Pemandangan mengerikan
Di Twitter, Menteri Keuangan Mangala Samaraweera mengatakan serangan itu merupakan "upaya terkoordinasi untuk membunuh, kekacauan dan tindakan anarkis" dan mengakibatkan jatuhnya korban "banyak orang tak berdosa".
Seorang menteri lainnya, Harsha de Silva, menggambarkan "pemandangan mengerikan" di Gereja St Anthony di Kochchikade, dengan mengatakan ia melihat "banyak bagian tubuh berserakan".
Sejauh ini belum ada yang mengaku bertanggung jawab atas serangan itu.

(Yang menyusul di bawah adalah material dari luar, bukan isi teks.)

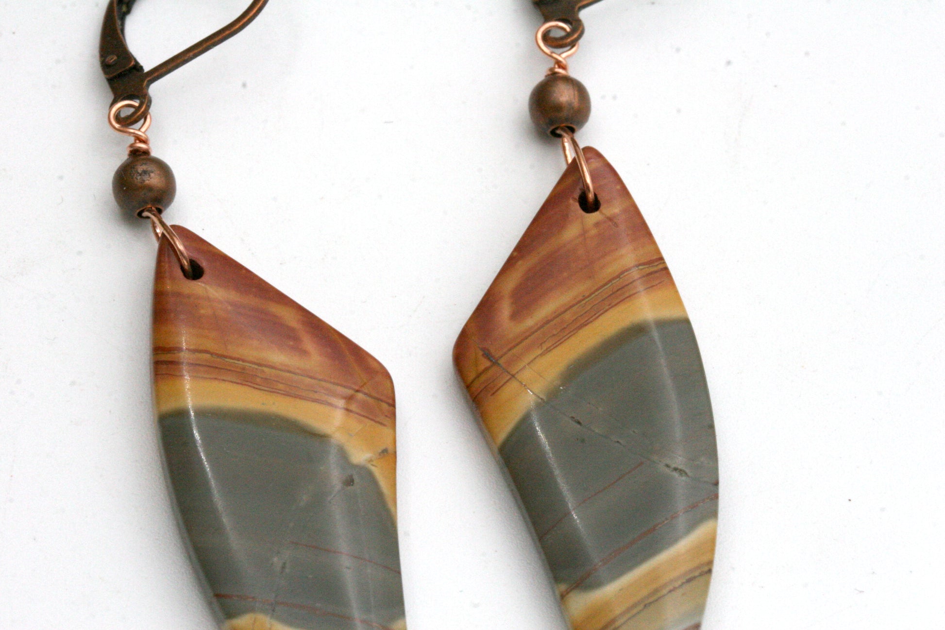 Red creek jasper and copper earrings.
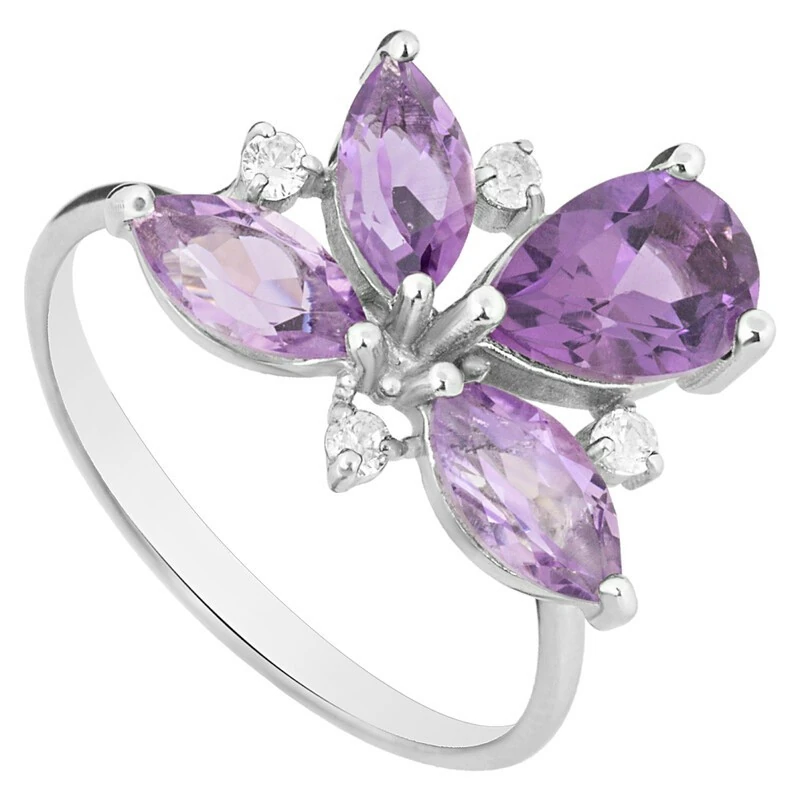 Серебряное кольцо "Аврора" с натуральным аметистом, покрытие Чистое Серебро. Средний вес украшения с камнями 3,48 гр. Месторождение(я) камней: Аметист (Приполярный Урал, Россия). Аметист (Натуральный) маркиз: 4*8 мм., средний вес 0,50 карат.

Media massa Sri Lanka melaporkan bahwa turis asing kemungkinan termasuk yang menjadi korban ledakan.
Ada kekhawatiran bahwa ledakan ini tidak terlepas dengan kembalinya anggota kelompok Negara Islam atau ISIS yang menimbulkan ancaman di negara itu.
Sebelumnya ada beberapa insiden kekerasan yang bersifat sporadis di Sri Lanka, yang melibatkan warga umat Buddha Sinhala terkait serangan ke masjid dan bangunan milik umat Muslim di negara itu.
Insiden serangan ini menyebabkan pemerintah Sri Langka sempat memberlakukan situasi darurat pada Maret 2018.
Pernyataan KBRI
Duta Besar Indonesia untuk Sri Lanka dan Maladewa I Gusti Ngurah Ardiyasa mengatakan, pihak KBRI belum menerima laporan terkait Warga Negara Indonesia (WNI) yang turut menjadi korban ledakan di dua gereja di Sri Lanka, Minggu (21/4/2019).